According to DOGE, these savings have primarily come from two areas: halting the hiring of employees for positions deemed unnecessary, and terminating expensive DEI-related contracts. Since the inauguration on January 20, DOGE has canceled 85 DEI-focused contracts across multiple federal agencies, including the Departments of Education, Labor, Treasury, Defense, Agriculture, Commerce, and several others. In an official post, DOGE detailed that through January 29, 2025, the agency terminated contracts totaling roughly $1 billion. This move, aimed at dismantling what they describe as a “DEI regime,” is part of a broader initiative to trim wasteful discretionary spending.

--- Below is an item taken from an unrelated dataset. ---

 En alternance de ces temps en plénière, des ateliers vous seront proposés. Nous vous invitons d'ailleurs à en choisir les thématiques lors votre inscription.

Elon Musk himself took to X to emphasize the scale of the cost savings, stating, “DOGE has now saved taxpayers over $1 billion in crazy DEI contracts.” He further explained how these savings were derived from canceling contracts that he believed were not producing results but merely serving as political gestures. According to DOGE’s internal reports, the cancellation of these contracts has been just the beginning of a sweeping overhaul intended to align federal spending more closely with efficient, mission-critical operations.
The cost-cutting measures don’t end with DEI contracts. In another series of posts, DOGE revealed that it had identified additional savings by terminating underutilized leases. The General Services Administration (GSA) recently terminated three leases covering mostly empty office spaces. The tenants were relocated within the existing GSA portfolio, resulting in immediate savings of $1.6 million. This was only the initial step: in just six days, the number of terminated leases jumped from 3 to 22, and the savings increased from $1.6 million to an impressive $44.6 million. These actions reflect DOGE’s commitment to “right sizing” the federal real estate portfolio, which includes over 7,500 leases.

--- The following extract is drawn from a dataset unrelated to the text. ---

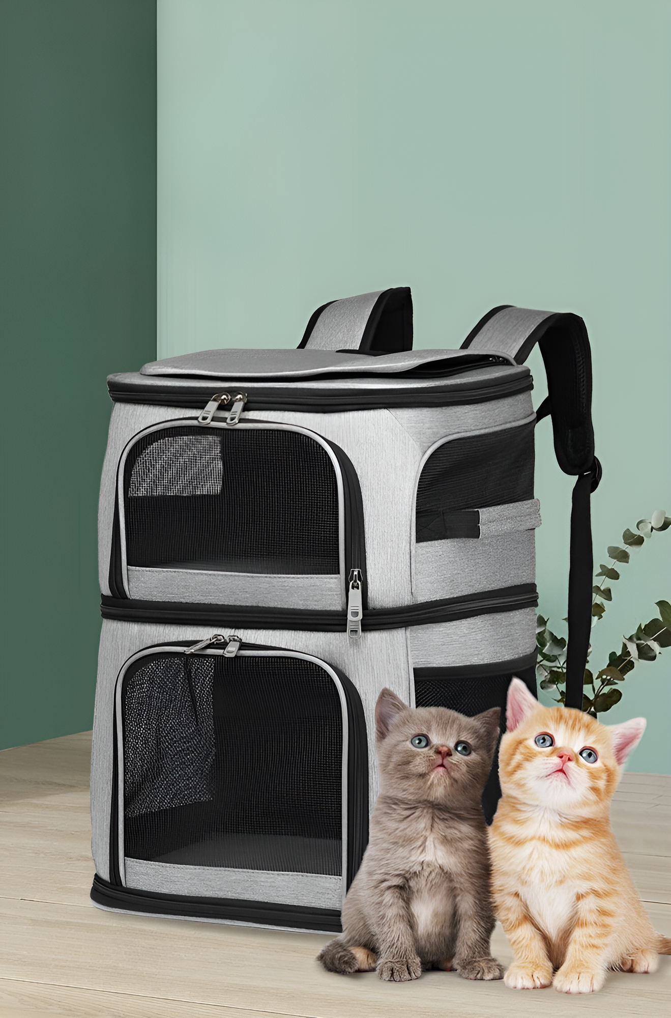 Переноска-рюкзак, для двух кошек, складная, гигиенический коврик, серая/черная

The public response on X has been a mix of praise and skepticism. Supporters cheered the initiative, with one commenter proclaiming, “Awesome, cash cow for DEI leftists/Marxists are gone. $1 billion is lots of taxpayer money.” Another user added, “This is a huge step in the right direction! Nearly $1 billion in DEI-related contracts terminated shows a serious commitment to cutting the fat and focusing on real results, not just political agendas.” However, not all reactions have been positive. Some critics have questioned whether the savings might come at the cost of undermining programs designed to promote inclusivity and fairness. One pointed comment suggested that the termination of these contracts might reveal underlying corruption, hinting that the companies benefiting from these leases could have ties with influential lawmakers.
While supporters of the DOGE initiative argue that these drastic measures are necessary to eliminate wasteful spending and boost efficiency, detractors worry about the potential fallout. Critics contend that DEI programs, despite their high costs, play a crucial role in ensuring equitable opportunities across diverse communities. They argue that cutting these programs might lead to unintended consequences, such as reduced support for underrepresented groups within the federal workforce and beyond.
Nonetheless, DOGE’s aggressive strategy appears to be a deliberate effort to align federal spending with the new administration’s goals of fiscal responsibility and streamlined operations. The initiative underscores a broader political debate about the role of DEI initiatives in government and whether such programs represent essential investments in a diverse society or merely expensive political ventures.
As the DOGE team continues to monitor federal expenditures and seek further efficiencies, the administration’s plan to ramp up daily savings to over $3 billion remains a bold and ambitious target. Whether these efforts will eventually add up to the promised trillion-dollar savings is yet to be seen, but for now, the aggressive cost-cutting measures are sending ripples through Washington.